- YOUR INSTRUCTIONS:
Exactly the lines from the one containing "Robin de Kruijf" through the end of the data, and nothing more, should be retyped; pictures stay out.

- SUPPLIED ENTRIES:

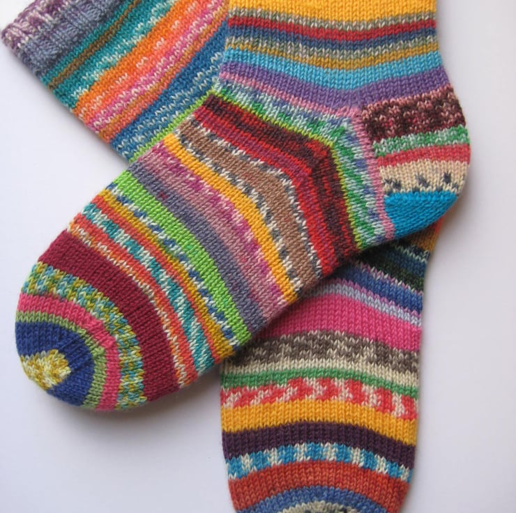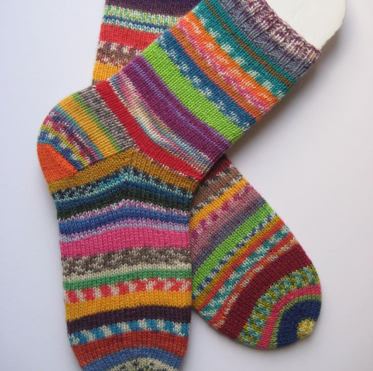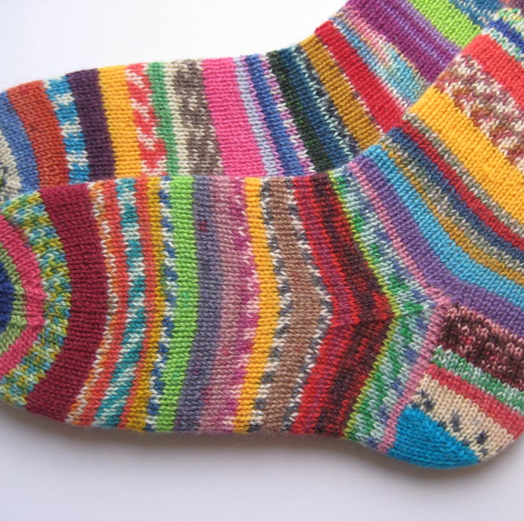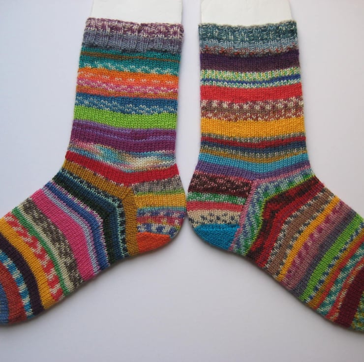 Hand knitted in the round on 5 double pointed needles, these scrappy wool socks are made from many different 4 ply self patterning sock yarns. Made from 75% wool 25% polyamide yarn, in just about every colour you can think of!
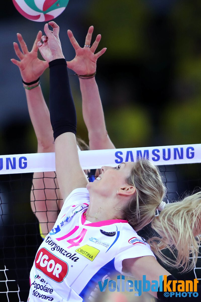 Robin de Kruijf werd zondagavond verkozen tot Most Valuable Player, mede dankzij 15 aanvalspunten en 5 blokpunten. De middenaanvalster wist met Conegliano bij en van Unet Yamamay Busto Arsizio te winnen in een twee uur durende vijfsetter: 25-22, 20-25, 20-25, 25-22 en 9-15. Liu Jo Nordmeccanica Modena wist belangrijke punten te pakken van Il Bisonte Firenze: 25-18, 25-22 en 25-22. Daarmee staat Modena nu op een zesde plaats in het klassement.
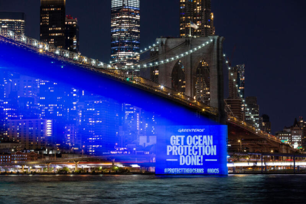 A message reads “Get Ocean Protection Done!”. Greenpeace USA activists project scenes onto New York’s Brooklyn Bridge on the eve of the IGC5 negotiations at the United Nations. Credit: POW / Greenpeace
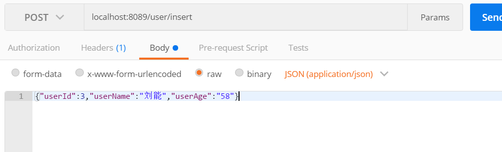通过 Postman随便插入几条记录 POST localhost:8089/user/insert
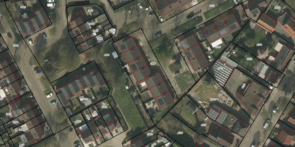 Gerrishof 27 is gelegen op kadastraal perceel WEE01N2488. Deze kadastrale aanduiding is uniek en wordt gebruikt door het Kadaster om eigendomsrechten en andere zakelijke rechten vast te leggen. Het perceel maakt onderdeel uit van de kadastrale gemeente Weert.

- EXERCISE ANSWER:
 Robin de Kruijf werd zondagavond verkozen tot Most Valuable Player, mede dankzij 15 aanvalspunten en 5 blokpunten. De middenaanvalster wist met Conegliano bij en van Unet Yamamay Busto Arsizio te winnen in een twee uur durende vijfsetter: 25-22, 20-25, 20-25, 25-22 en 9-15. Liu Jo Nordmeccanica Modena wist belangrijke punten te pakken van Il Bisonte Firenze: 25-18, 25-22 en 25-22. Daarmee staat Modena nu op een zesde plaats in het klassement.
 A message reads “Get Ocean Protection Done!”. Greenpeace USA activists project scenes onto New York’s Brooklyn Bridge on the eve of the IGC5 negotiations at the United Nations. Credit: POW / Greenpeace
通过 Postman随便插入几条记录 POST localhost:8089/user/insert
 Gerrishof 27 is gelegen op kadastraal perceel WEE01N2488. Deze kadastrale aanduiding is uniek en wordt gebruikt door het Kadaster om eigendomsrechten en andere zakelijke rechten vast te leggen. Het perceel maakt onderdeel uit van de kadastrale gemeente Weert.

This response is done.